It was a church youth group that I had been invited to when I was about 10 years old.  About 50 or 60 kids of various ages had gathered in a room of the church where a teacher was about to begin a lesson on some topic none of us children would ever remember. 

Since it was a large group of kids, I had chosen to sit in the back of the room near a couple guys I knew, and about mid-way through the lesson one of the guys I was sitting with, for no apparent reason, started to leech saliva on me.

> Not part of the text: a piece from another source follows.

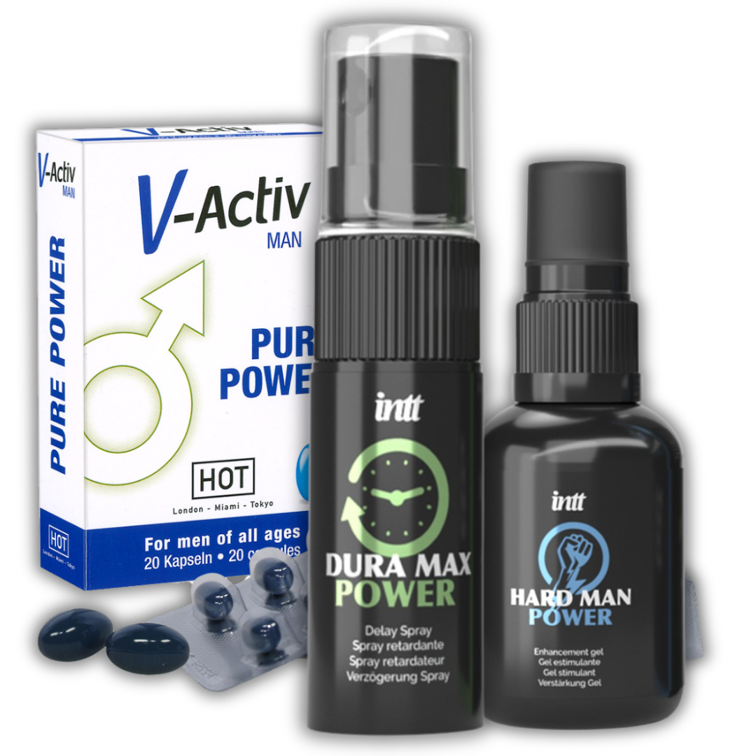 Set Potenza Uomo composto da 1 Spray ritardante, 1 Gel Potenziante Erezione ed 1 Scatola di Capsule Integratore Potenziante Sessuale.

If you’re not familiar with the action of leeching saliva, it’s when someone opens their mouth then presses their tongue on the roof of their mouth to literally shoot a stream of saliva in the direction of an object or person.

It’s disgusting.

Therefore, me being repulsed and not wanting to interrupt the speaker, I tried to be as quiet and nonchalant as possible by telling the kid to stop and then sliding a few feet to the left from the guy who was continuing to leech on my person; but the leecher kid didn’t stop.  Matter of fact, he decided to slide over as well and continued his disgusting onslaught of leeching.

Once more, I quietly slid a few more feet away hoping the kid would get the hint and stop…but the leecher followed.

Yet again…I quietly slid a little further away…but to no avail because once again, the leecher kid followed.

By now I was really frustrated, so I sternly looked at the kid and whispered, “Knock it off!”  Consequently, it was louder than I had expected and after the words left my lips I turned back towards the group only to see that everyone in the room was now staring directly back at me.  Including the pathetic teacher.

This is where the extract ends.